On Labor Day weekend, Mainers’ thoughts inevitably turn to what is equally inevitably drawing closer with each page that is turned on the calendar.

That is, of course, winter.

True, we have lots of bright (though mostly cooler) days and (increasingly crisp) nights to look forward to before then.

Still, the daylight shrinks imperceptibly day by day, until we find ourselves thinking, “Gee, it’s getting dark already?”

Then the first golden or crimson leaf appears (don’t look, but some have turned already) and the reality of autumn will be upon us, in all its glory. But we know it will speed by like a thoroughbred pounding down to the wire, and we will be in November. Again.

And if November comes, December is right on its heels.

With all that in mind, the good folks at the Farmers’ Almanac in Lewiston have released their annual forecast for how much snow and cold (we’re sorry to use four-letter words) we will see as this year dwindles away and the new one knocks on the front door for admittance.

So, what does the almanac (not to be confused with its rival, the Granite State’s Old Farmer’s Almanac) say about the coming winter?

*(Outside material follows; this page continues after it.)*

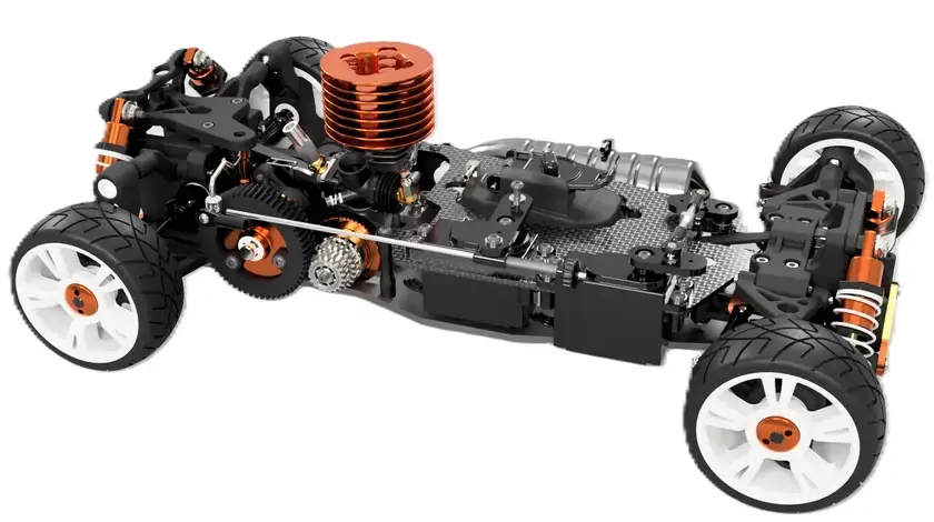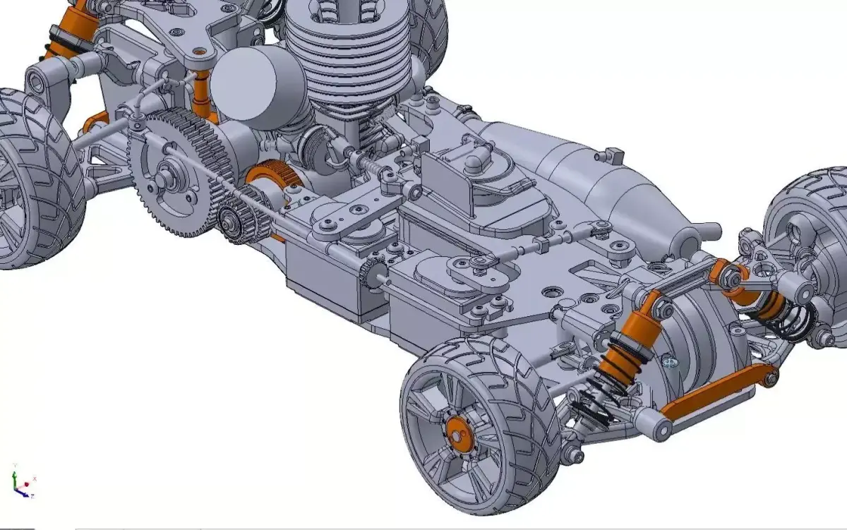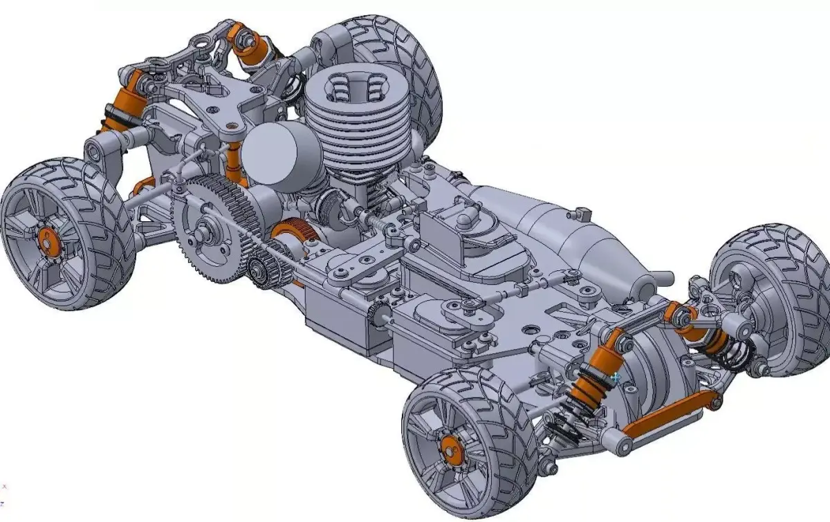 Key Features• Complete gasoline vehicle chassis assembly• Internal combustion engine integration• Steering and drivetrain mechanism• Independent suspension with shock absorbers• Differential and gear transmission system• Exhaust system routing• Wheel hub and steering linkage assembly• High-detail mechanical component structure

This may be a shock, but Caleb Weatherwise, the Almanac’s pseudonymous predictor, says it will be cold. Oh, and there will be snow.

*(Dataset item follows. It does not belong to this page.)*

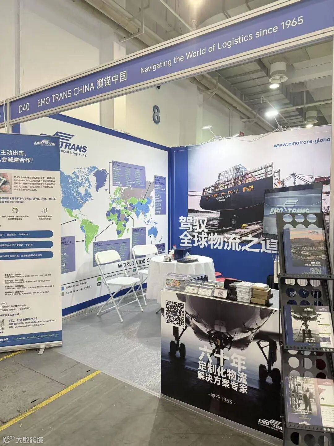 秉承EMO德国一贯的严谨与品质,我司展台及宣传物料设计采用清新蓝白主调,“驾驭全球物流之道”和“六十年定制化物流解决方案专家”两行大字凸显在展板上,设计方案巧妙运用留白艺术,整体视觉简约大气,尽显国际品牌风范。这份匠心独具的设计在展会现场赢得了众多物流同行的高度评价,盛赞我司“极具审美品位”。

In fact, the Great Lakes and the Northeast can expect more of both this year than last.

Of course, last winter was fairly mild, as Maine winters go, and these things do go in cycles.

So, it’s time to get the snowblowers serviced and haul the sweaters out of mothballs. What, you say, it’s too early to worry about all that yet?

Your optimism always was one of your most endearing qualities.